Just wait for my all-new LUBIX DEMIGOD. It's about half done, so it should be on auction by 2025 at the very latest.


----------



## JyH (May 25, 2011)

cyberbullies


----------



## shelley (May 25, 2011)

Psh, grape jelly. Everyone who's anyone knows it's all about the Lemon Pledge.


----------



## theace (May 25, 2011)

I'll buy if it can scramble itself when you point at it and say "hugaala wanger!"


----------



## Georgeanderre (May 25, 2011)

Incredibly well thought out =P


----------



## Linalai66 (May 25, 2011)

lol


----------



## Bapao (May 25, 2011)

Can the stickers be purchased separately? If so, can I buy in bulk?

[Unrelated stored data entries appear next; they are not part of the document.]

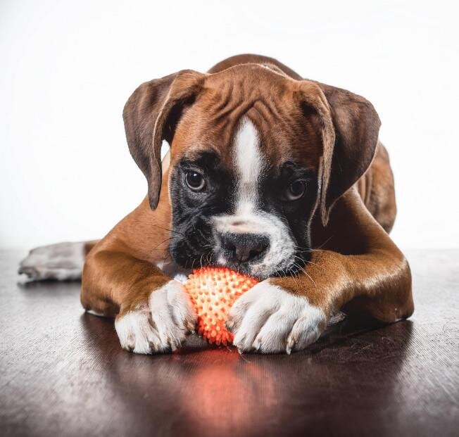 Des exercices quotidiens intenses comme des jeux de balle ou des courses en association a des jouets interactifs pour stimuler son mental canalise l'excitation du Boxer via une dépense suffisante.
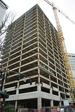 The Green – Wyatt building was constructed in the 1970s by Hoffman Construction Company under a $20 million contract.[1] The new building opened in 1975.[2] On June 21, 1989, an arson fire in the lobby caused $300,000 in damages, mostly from the sprinkler system that kept the night-time fire contained to the lobby area.[3] Firefighters returned in February of the next year when a person trapped in an elevator inadvertently set off the fire alarm.[4] Also that year, the U.S. and Foreign Commercial Service moved out of the building and into Oregon's World Trade Center.[5]
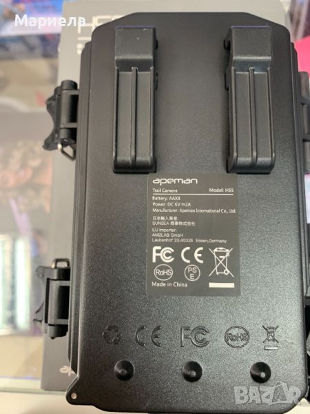 Камерата е закупена от разпродажба в Германия .Проектирана с най-иновативни идеи и технология от висок клас, камерата от серията APEMAN H е посветена на създаването на камери за диви животни.Камерата за диви животни H55 е по-здрава и водоустойчива , а корпуса на камерата е с нов дизайн.С 38 несветещи инфрачервени светодиода, камуфлажната камера H55 върши превъзходна работа при заснемане на кристално ясни нощни снимки и предлага широк диапазон на видимост (65 фута/20 м). Нощното виждане без светене няма да изплаши целта ви и ще предотврати кражбата на камерата .Камерата има светкавична скорост на задействане и кратко време за възстановяване , което гарантира , че няма да пропуснете нищо , което се движи бързо или бавно .Камуфлажната камера за диви животни има добра конструкция, дизайн и лесни за използване контроли. Прави впечатляващи 20MP снимки и записва страхотни 1080P видеоклипове ден и нощ.Капанът за камера H55 е с подобрен дизайн . Нейните LED светлини и лещи са сравнително независими от външния корпус, което гарантира силно водоустойчиво и прахоустойчиво представяне.2 цветни светлинни индикатора; времеви печат; зададена температура (по избор ℉/℃); PIR интервал и чувствителност; функция time-lapse; таймер; защита с парола и т.н.SD картата (клас 6 или по-бърза SD/SDHC, максимална поддръжка 32 GB), външно захранване и батерии (Energizer 1,5 V AA) НЕ са включени.Моля, форматирайте SD картата, преди да използвате камерата.

*Owen* is like that guy from CSI; he says something, puts his sunglasses on and then leaves with guitars playing in the background...


----------



## izovire (May 26, 2011)

I don't trust this cube. 

No where does it mention that it's capable of a sub-5 avg. Not even sub-Faz.


----------



## MovingOnUp (May 26, 2011)

I'll take two!


----------



## HelpCube (May 26, 2011)

I'll bid $9,001 USD just so its over 9000


----------



## CubicNL (May 26, 2011)

Owen said:


> *Cuts corners quite well.


 Rofl, the best part 
So funny!


----------



## n00bcub3r (Jul 19, 2011)

i will pay 1 million dollars!!!!!!!! in ecuador sucre


----------



## jskyler91 (Jul 19, 2011)

HelpCube said:


> I'll bid $9,001 USD just so its over 9000


 
I got it lol


----------



## cubersmith (Sep 3, 2011)

haha! all of these things then the last one:

"Corner cuts quite well"

Made me lol :')


----------



## RCTACameron (Sep 3, 2011)

Wouldn't it make more sense if it was called 'The Grape Jelly Jawdrop'?


----------



## chrissyD (Sep 3, 2011)

Owen said:


> *Justin Bieber approved.



Worst cube ever


----------



## aminayuko (Sep 3, 2011)

i think Waffo would like his with orangina lube


----------



## tacgnol (Sep 3, 2011)

You CANNOT be serious qq. It took you 28 years to do THAT? Please.
I assembled mine with the instruction of SUMARIAN GODS. It has:
-A core made of zomgium (i dunno what else to call it. i found it in a meteorite and cut a diamond with it)
-It is not made of plastic. plastic is too rough. It's made of PURE TEFLON. And lubed with a square ton OF TEFLON
If you even touch it, it will not stop turning for 10000000 YEARS. 
-135 degree cuts. AND, 90 degree reverse cuts.
-And the stickers...don't even get me started on the stickers. 
-Oh, and when you turn it inside out....it turns into Megan Fox. 

Basically, It's so epic i got Billy Mays to advertise it from the grave.


----------



## jms_gears1 (Sep 3, 2011)

qq, you may have a decent preforming cube, but does you cube have a built in mini-Stefan to insult you every-time you solve it?


----------